Dans la seconde étude, Schliesser insiste notamment sur le concept de
psychologie morale, le spectateur impartial, qui est important pour
comprendre les vues de Smith sur l’articulation et la réception des
théories scientifiques. Ainsi, l’imagination ne serait pas seulement
la source de notre capacité à construire des systèmes scientifiques,
elle serait également la source de notre impartialité potentielle à les
évaluer (Schliesser, 2005b, 77).
Si Adam Smith mobilise un certain nombre de références et
d’analogies qui renvoient à Newton, certains (Mini, 1974 ; Foley,
1975 et 1976) n’hésiteront pas à avancer que sa réflexion se rapproche
davantage d’une téléologie à la Descartes. Wightman (1975) défend
ainsi l’idée selon laquelle la conception smithienne de l’investigation
philosophique est plus cartésienne que newtonienne. Récemment
encore, Mirowski (2001) a repris cette thèse en partant de la théorie
de la valeur substance de Smith3.
On le voit, la philosophie naturelle d’Isaac Newton pourrait
avoir joué un rôle important sur la pensée et l’analyse d’Adam
Smith4(Schabas, 2004). Dans un précédent article, nous avons mis
en parallèle les travaux de Smith et ceux de Newton sans toutefois
pousser plus loin notre investigation de l’analogie entre le monde
des corps de Newton et le monde des hommes de Smith (Diemer
et Guillemin, 2011). Dans ce qui suit, nous prenons le parti de
mettre en évidence la profondeur des relations entre les travaux de
philosophie morale et d’économie politique de Smith et les recherches
en philosophie naturelle de Newton. Dans un premier temps, nous
préciserons que les références de Smith à Newton sont nombreuses.

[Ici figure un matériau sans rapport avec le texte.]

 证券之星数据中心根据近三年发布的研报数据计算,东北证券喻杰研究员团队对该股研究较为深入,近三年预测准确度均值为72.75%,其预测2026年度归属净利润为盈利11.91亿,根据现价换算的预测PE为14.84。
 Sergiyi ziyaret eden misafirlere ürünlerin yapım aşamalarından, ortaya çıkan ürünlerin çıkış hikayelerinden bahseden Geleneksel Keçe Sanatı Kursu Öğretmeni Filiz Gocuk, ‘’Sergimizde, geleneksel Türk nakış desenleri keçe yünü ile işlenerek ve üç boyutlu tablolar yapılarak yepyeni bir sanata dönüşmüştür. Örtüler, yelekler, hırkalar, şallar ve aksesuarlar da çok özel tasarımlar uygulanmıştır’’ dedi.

En effet, on trouve chez Smith des références à des concepts et des
lois exposés dans les Principes Mathématiques de la Philosophie Naturelle
(PMPN) de Newton pour traiter des questions ponctuelles. Mais
surtout, il existe aussi une grande convergence entre la représentation
smithienne du monde des hommes et la représentation newtonienne
du monde des corps. Nous verrons que Smith possède une bonne
connaissance des travaux des physiciens depuis l’antiquité jusqu’au
3 Nous reviendrons plus loin sur la thèse de Mirowski.

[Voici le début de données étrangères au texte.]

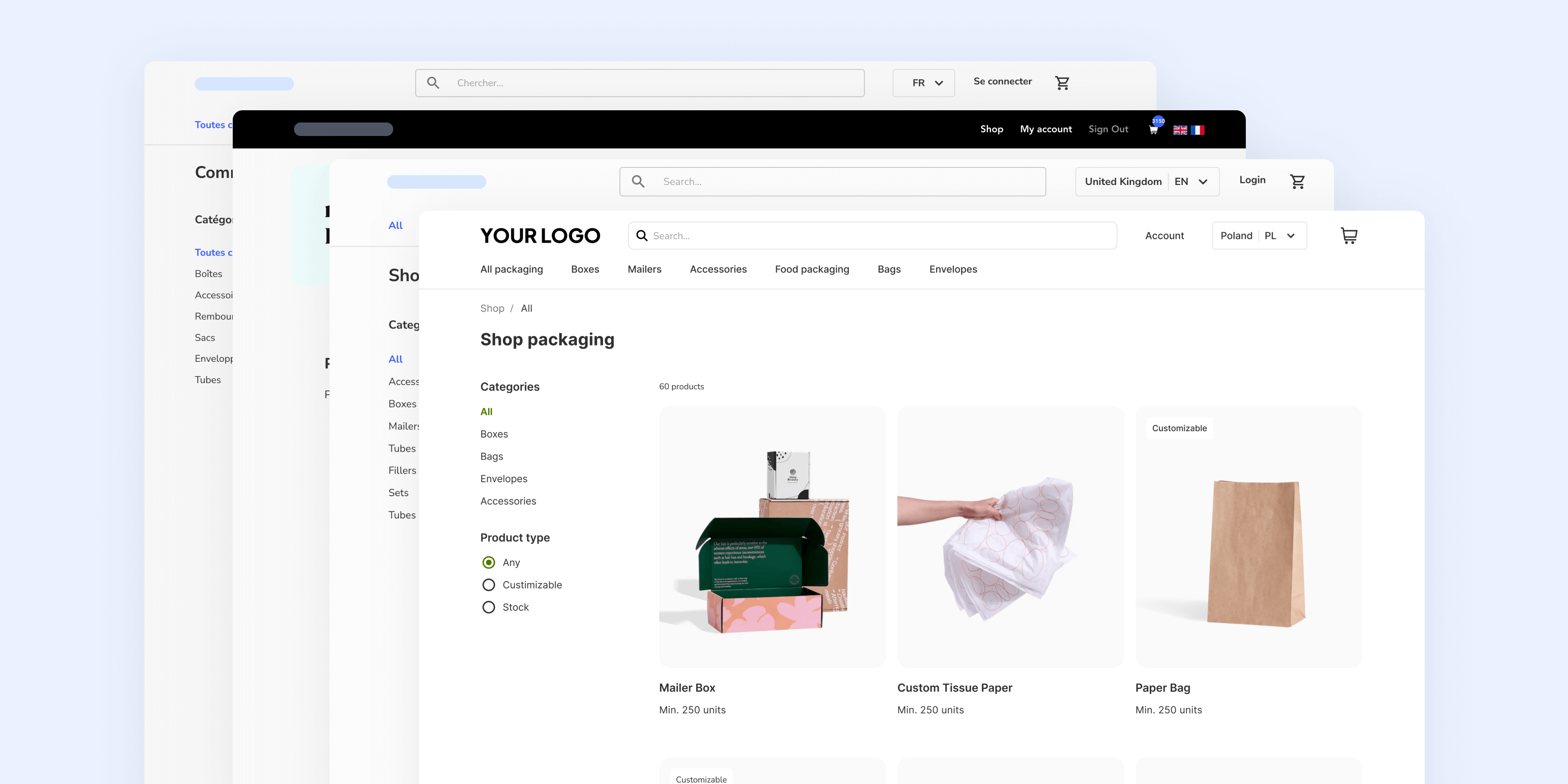 Offer a range personalised and stock packaging, carefully composed using a network of 200+ EU-based suppliers. All products are available for purchase to you and your sellers in your custom, integrated store.

4 Cremaschi (1981, 117) distingue deux interprétations des travaux de Smith. Dans
la littérature du XIXesiècle, Richesse des Nations est présentée comme un système
cherchant à déduire des faits de certains principes considérés comme absolus. Dans
la littérature du XXesiècle, Adam Smith est un scientifique empirique, ce qualificatif
serait valable à la fois pour la Richesse des nations et la Théorie des sentiments moraux.